The government’s response to the threat
of terrorism under the leadership of President Essebsi has been controversial,
from its prevention strategies to its law enforcement methods. As such, there have been numerous calls from
human rights groups about the need to respect basic rights in the pursuit of
security, and in the management and minimisation of terror. (Blank 2015)
Tunisians have been living under almost
constant State of Emergency conditions since the Sousse attack in 2015. Curfews have been imposed, large gatherings
prohibited and additional powers have been given to the government regarding
control of the media. The conviction that
‘curtailed civil liberties’ are fully restored once security has returned
becomes problematic when the status quo is emergency. (Posner 2016)

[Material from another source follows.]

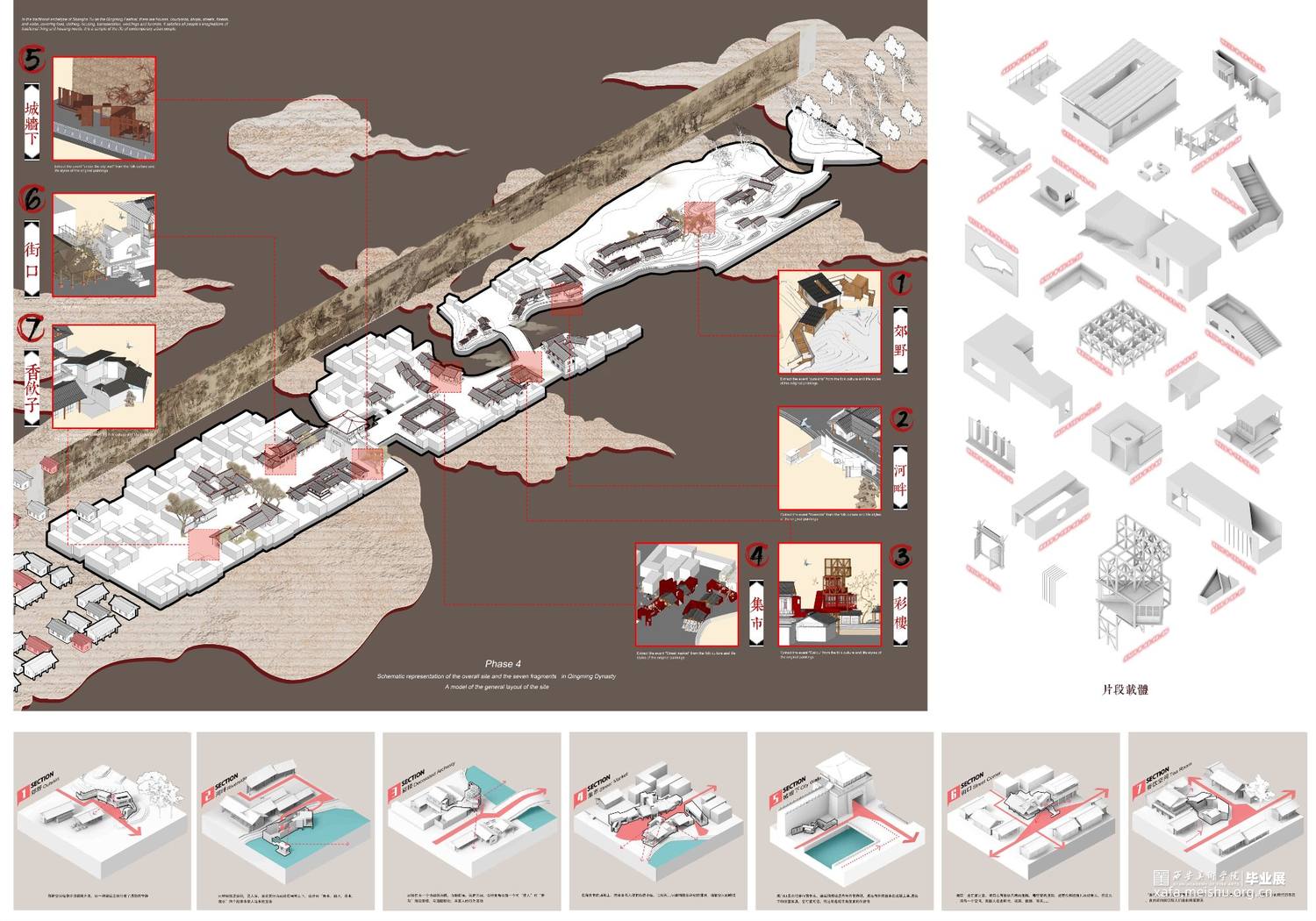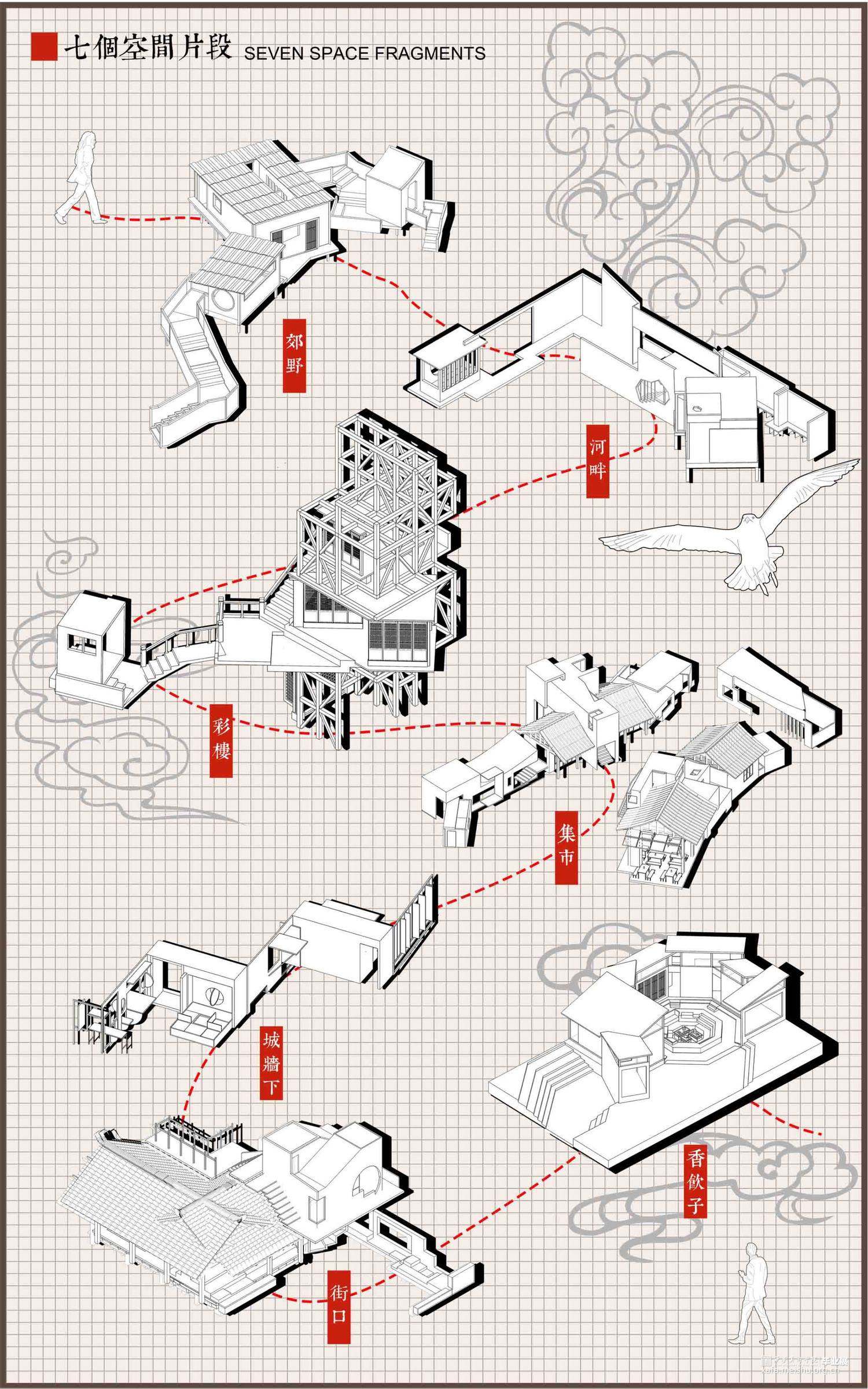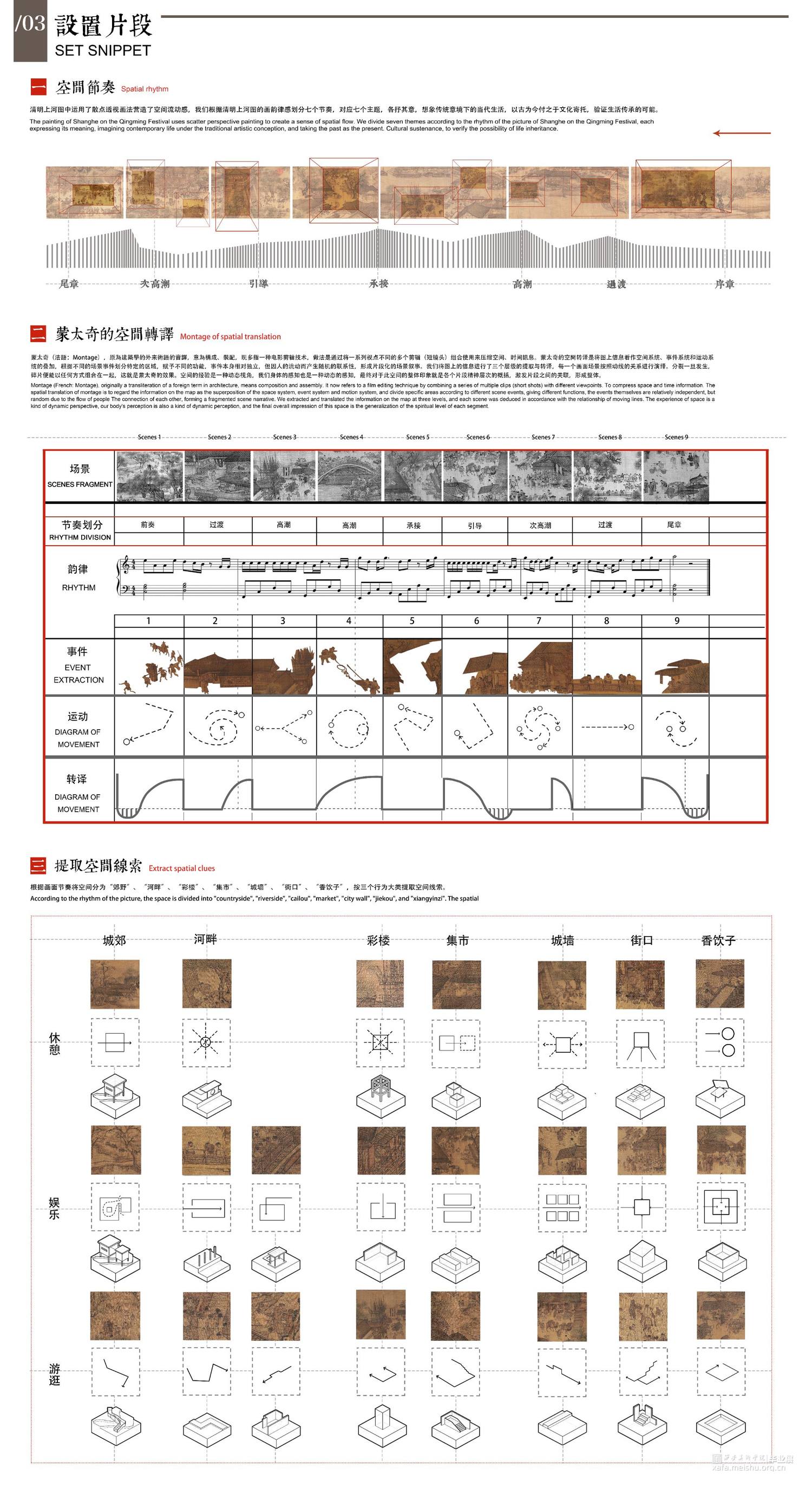 在原有绘制画幅的民俗文化与生活百态中提取事件——设置“片段”;发展“片段”;重设“画幅”三个步骤完成设计构架。设计采用蒙太奇的空间转译手法,选取图中典型场所“郊野”“河畔”“彩楼”“集市”“城墙下”“街口”“香饮子”等作为空间原型,契入生活百态作为片段事件的叙事空间剧本,扑捉画幅中人物的“倚、靠、蹲、踞、坐、立、观、走”等行为细节体味空间意境,将中国画的散点透视阅读方式在空间层面进行系列叠合重组加以空间群构,纾解设计的空间叙事空间形态关系。

During the same period, a new
counterterrorism law was introduced which increased security services
monitoring and surveillance powers, extended the holding period for arrested
suspects from 6 days to 15, accepted closed courts and witness anonymity and
introduced the death penalty for attacks which resulted in death.
According to Amnesty
International in Tunisia 15,000 people have been affected by travel
restrictions; who have no access to the information regarding their ban and
therefore no
pathway to appeal the decision. Restrictions
on travel are seen as one of the key tools in preventing international
terrorism. (UNODC) Fighters who were
successful in overcoming travel restrictions pose a potential national security
threat on their return home as they are likely to be trained in using weapons
and to use violence locally and/or regionally as well as acting as recruiters.
(Byman 2015)
Religion is often cited as the
motivation of terrorists whilst neglecting the variety of other influencing
factors. (Crenshaw 2007) The main target
of the security services in Tunisia is the Salafist community, leading to
increased tensions between citizens and the government who feel their right to
religious freedom is being attacked.
(Byman 2015) High unemployment
rates, marginalisation of young people and in particular those living in poorer
rural areas of the country are all cited as influential factors in the rise of
extremism.
Research
shows that even after the revolution there remains a high level of public
mistrust of institutions, particularly the security services. It
would therefore be short-sighted of both legislators and policy makers to
exacerbate this through the unequivocal prioritisation of security before human
rights. History shows that religiously
motivated terror groups take considerably longer to end in comparison to other
kinds of groups. (Jones & Libicki
2008) Should Islamic State follow this trend, then Tunisia’s $255 million USD
budget for counterterrorism may be conservative. (Africa Research Bulletin 2016)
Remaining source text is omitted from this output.